ClickHouse · iskakaushik · Oct 29, 2025 · Aug 18, 2025 · Aug 19, 2025 · Aug 19, 2025
diff --git a/examples/CMakeLists.txt b/examples/CMakeLists.txt
@@ -46,10 +46,13 @@ add_ai_example(openrouter_example openrouter_example.cpp)
 
 # Tool calling examples
 add_ai_example(tool_calling_basic tool_calling_basic.cpp)
-add_ai_example(tool_calling_multistep tool_calling_multistep.cpp) 
+add_ai_example(tool_calling_multistep tool_calling_multistep.cpp)
 add_ai_example(tool_calling_async tool_calling_async.cpp)
 add_ai_example(test_tool_integration test_tool_integration.cpp)
 
+# Embeddings example
+add_ai_example(embeddings_example embeddings_example.cpp)
+
 # Component-specific examples
 add_subdirectory(components/openai)
 add_subdirectory(components/anthropic) 

diff --git a/examples/embeddings_example.cpp b/examples/embeddings_example.cpp
@@ -0,0 +1,286 @@
+/**
+ * Embeddings Example - AI SDK C++
+ *
+ * This example demonstrates how to use the embeddings API with the AI SDK.
+ * It shows how to:
+ * - Generate embeddings for single and multiple texts
+ * - Use different embedding models and dimensions
+ * - Calculate cosine similarity between embeddings
+ * - Handle errors and display results
+ *
+ * Usage:
+ *   export OPENAI_API_KEY=your_key_here
+ *   ./embeddings_example
+ */
+
+#include <cmath>
+#include <iomanip>
+#include <iostream>
+#include <string>
+#include <vector>
+
+#include <ai/openai.h>
+#include <ai/types/embedding_options.h>
+
+// Helper function to calculate cosine similarity between two embeddings
+double cosine_similarity(const std::vector<double>& a,
+                         const std::vector<double>& b) {
+  if (a.size() != b.size()) {
+    return 0.0;
+  }
+
+  double dot_product = 0.0;
+  double norm_a = 0.0;
+  double norm_b = 0.0;
+
+  for (size_t i = 0; i < a.size(); ++i) {
+    dot_product += a[i] * b[i];
+    norm_a += a[i] * a[i];
+    norm_b += b[i] * b[i];
+  }
+
+  if (norm_a == 0.0 || norm_b == 0.0) {
+    return 0.0;
+  }
+
+  return dot_product / (std::sqrt(norm_a) * std::sqrt(norm_b));
+}
+
+// Helper function to extract embedding as a vector of doubles
+std::vector<double> extract_embedding(const nlohmann::json& data,
+                                      size_t index) {
+  std::vector<double> embedding;
+  if (data.is_array() && index < data.size()) {
+    for (const auto& val : data[index]["embedding"]) {
+      embedding.push_back(val.get<double>());
+    }
+  }
+  return embedding;
+}
+
+int main() {
+  std::cout << "AI SDK C++ - Embeddings Example\n";
+  std::cout << "================================\n\n";
+
+  // Create OpenAI client
+  auto client = ai::openai::create_client();
+  if (!client.is_valid()) {
+    std::cerr << "Error: Failed to create OpenAI client. Make sure "

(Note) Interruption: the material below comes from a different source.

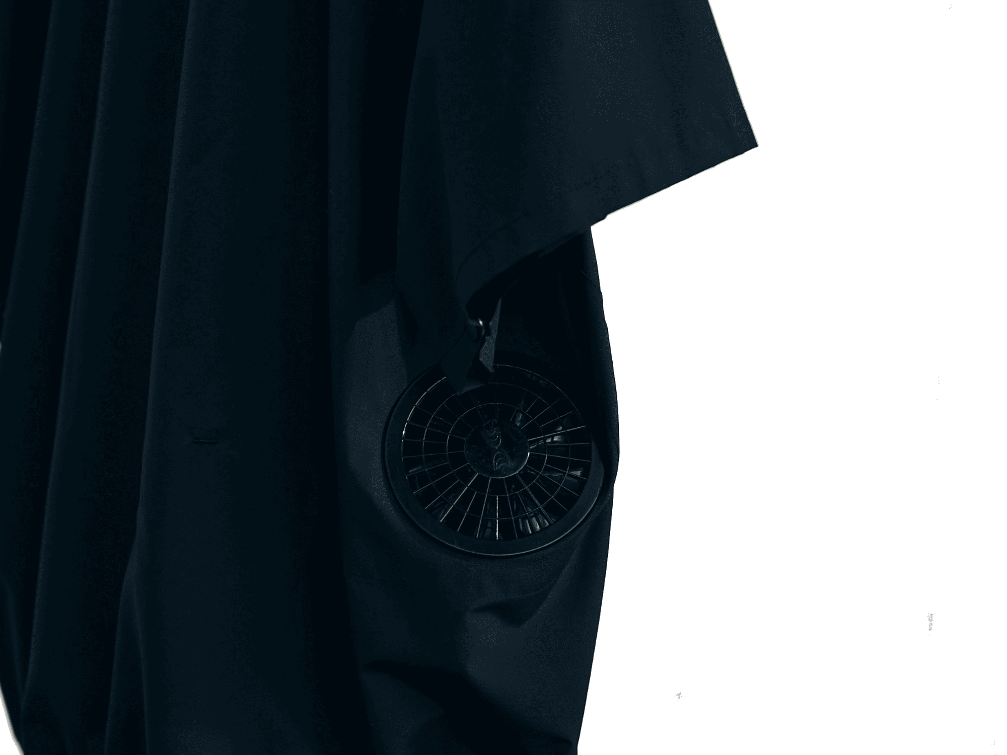 新作はジップアップ式になり、⽔を滑らせて⾬をよける撥⽔ファブリックMINOTECHを採⽤するなどアップデートされており、酷暑をファッショナブルに乗り切るアイテムとして進化を遂げている。クラウドファンディング GREEN FUNDINGにて、4⽉3⽇(⾦)より受注受付を開始。一般販売はなく、7月にデリバリーを予定しているので、気になる人はお早めに。

+                 "OPENAI_API_KEY is set.\n";
+    return 1;
+  }
+
+  // Example 1: Basic single text embedding
+  std::cout << "1. Single Text Embedding:\n";
+  std::cout << "Text: \"Hello, world!\"\n\n";
+
+  nlohmann::json input1 = "Hello, world!";
+  ai::EmbeddingOptions options1("text-embedding-3-small", input1);
+  auto result1 = client.embeddings(options1);
+
+  if (result1) {
+    auto embedding = result1.data[0]["embedding"];
+    std::cout << "✓ Successfully generated embedding\n";
+    std::cout << "  Dimensions: " << embedding.size() << "\n";
+    std::cout << "  Token usage: " << result1.usage.total_tokens << " tokens\n";
+    std::cout << "  First 5 values: [";
+    for (size_t i = 0; i < std::min(size_t(5), embedding.size()); ++i) {
+      std::cout << std::fixed << std::setprecision(6)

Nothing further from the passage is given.